* Problem description: Lines from the one with "A V-neck top" to the end of the material, both included: print them exactly and print nothing else. Omit the pictures.

* Dataset section:
◇ ◇ ◇

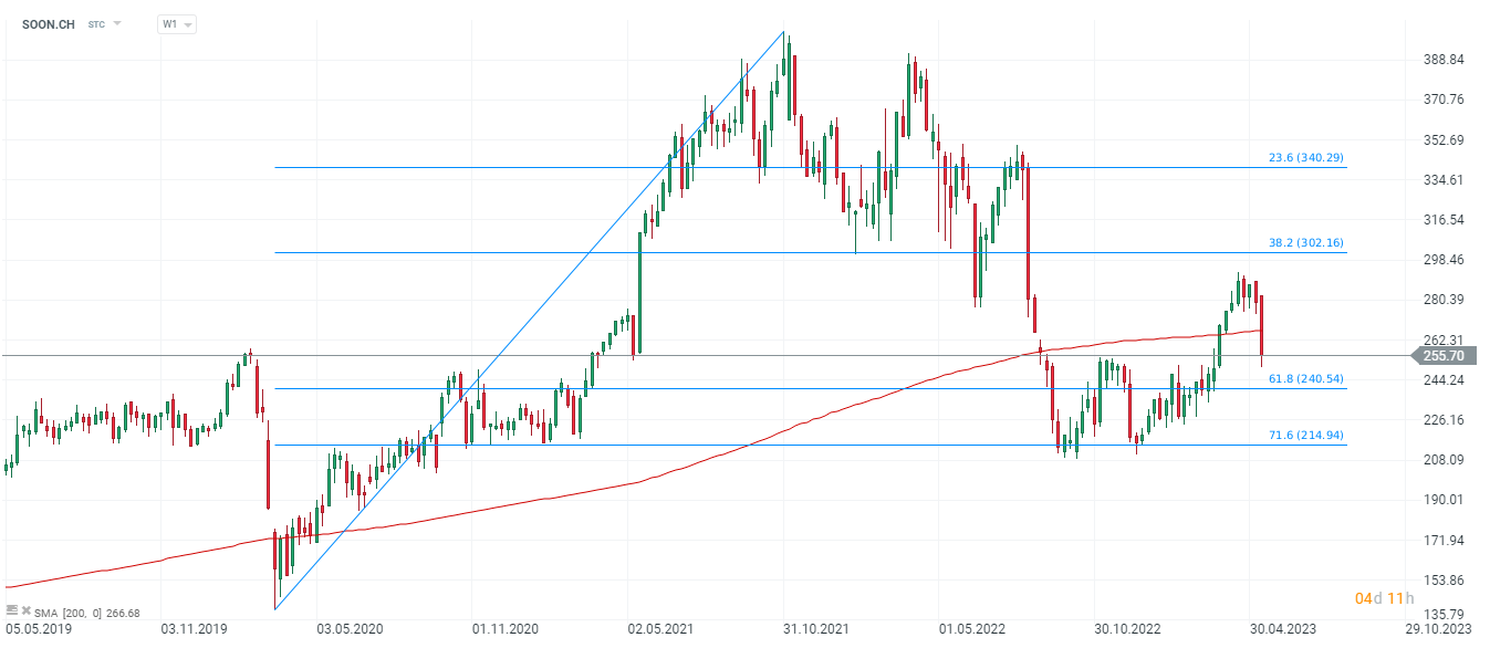 Sonova (SOON.CH) azioni, Grafico W1. Il prezzo delle azioni era ai livelli di gennaio 2020, poco prima del crollo legato al covid che ha colpito la domanda dei suoi servizi e prodotti. Il titolo si è stabilizzato al di sotto della SMA200 (linea rossa) segnalando che è ancora possibile un test del trend intorno al 61,8% e 71,6% del ritracciamento di Fibonacci. Se il supporto stabilito dalla reazione dei prezzi del 2020 non regge, un test di 240 franchi per azione diventerà realistico. Fonte: xStation5.
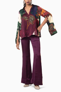 A V-neck top with cape sleeves paired with a solid flared trouser with a contrast piping detail along the side seam.
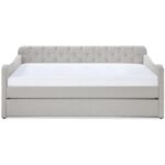 Transform your room into a cozy retreat for you and a guest with a tufted daybed featuring a handy trundle. The gentle curves and classic diamond tufting add a touch of charm, making it a great fit for a variety of styles. This daybed accommodates two standard twin mattresses, ensuring both comfort and a restful night.
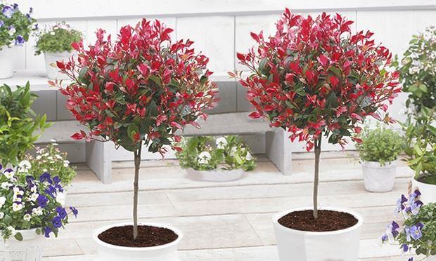 You’ll think of many different position in which to try this fantastic compact variety of Photinia, has the benefit of being easily manageable and staying neat and compact unlike traditional larger leaved Red Robin Photinias. If you want the look of bay trees with a bit of a twist, these could be the perfect choice, they are also hardier and easy to grow where bays can sometime fail to thrive.

◇ ◇ ◇

* Reply:
 A V-neck top with cape sleeves paired with a solid flared trouser with a contrast piping detail along the side seam.
 Transform your room into a cozy retreat for you and a guest with a tufted daybed featuring a handy trundle. The gentle curves and classic diamond tufting add a touch of charm, making it a great fit for a variety of styles. This daybed accommodates two standard twin mattresses, ensuring both comfort and a restful night.
 You’ll think of many different position in which to try this fantastic compact variety of Photinia, has the benefit of being easily manageable and staying neat and compact unlike traditional larger leaved Red Robin Photinias. If you want the look of bay trees with a bit of a twist, these could be the perfect choice, they are also hardier and easy to grow where bays can sometime fail to thrive.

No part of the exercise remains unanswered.